If your machine is operating towards stall then I assume that any resistive volt drop that you introduce must be lower with the brake switch closed than the alternator produces into the rectifier when charging the battery. If not then it will move away from stall and get completely out of control.
You are aiming to produce a loss greater than that from the internal resistance of the alternator to gain more braking torque but the ac line voltage into the resistors will have to be lower than the normal rectifier input voltage to load it more than the battery.
The series resistors will be low. As a rough guide take your full input line current ( dc value will be near enough) and choose resistors that will produce nominal ac line voltage at this current. If using rheos you can leave them set to zero resistance and leave them in circuit. Close the brake switch and increase resistance to get the blades to slow to the lowest speed then try reducing the resistors to see if you can get it to stop. Try to use times of the lowest wind speed to do this.
Basically you are relying on the loading into resistors maintaining as the speed falls to get you stalled down to stopping point.
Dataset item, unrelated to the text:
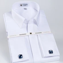 Men’s Dress Shirts French Cuff Blue White Long Sleeved Business Casual Shirt Slim Fit Solid Color French Cufflinks Shirt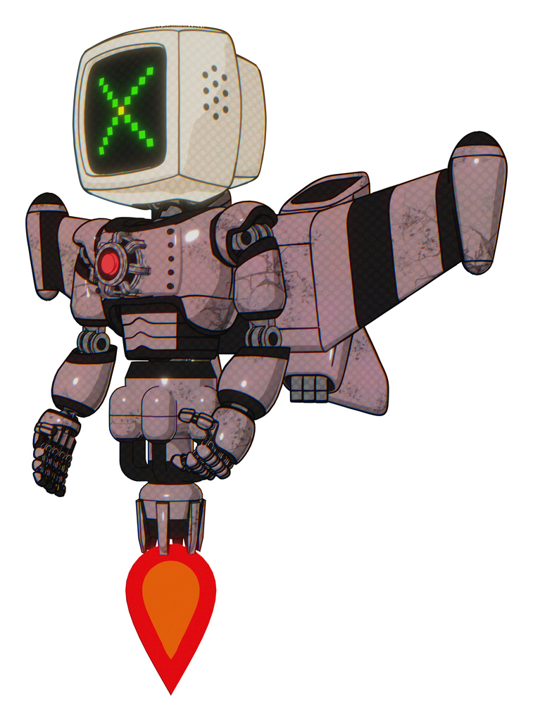 Mech containing elements: old computer monitor, pixel x, light chest exoshielding, red energy core, stellar jet wing rocket pack, jet propulsion. Material: Grayish pink. Situation: Facing right view.

The battery holds stall at working volts but the load vanishes below cut in and that is the bit you are trying to maintain down to stop.
If the alternator can't hold it stopped when completely shorted ( no resistors then this is a non starter, but often the thing will hold even if it won't stop it.
It will never stop, it will crawl round at a low speed but that should be fine as long as the short circuit current is below the stator rating.If it gets away from the crawl then you will soon destroy the stator and it would be safer to let it go and run into the battery.
Whether this will help at all may depend on the line resistance. If you have long ac lines it may not help at all. In which case trying the short on the ac lines at the base of the tower may be worth a try.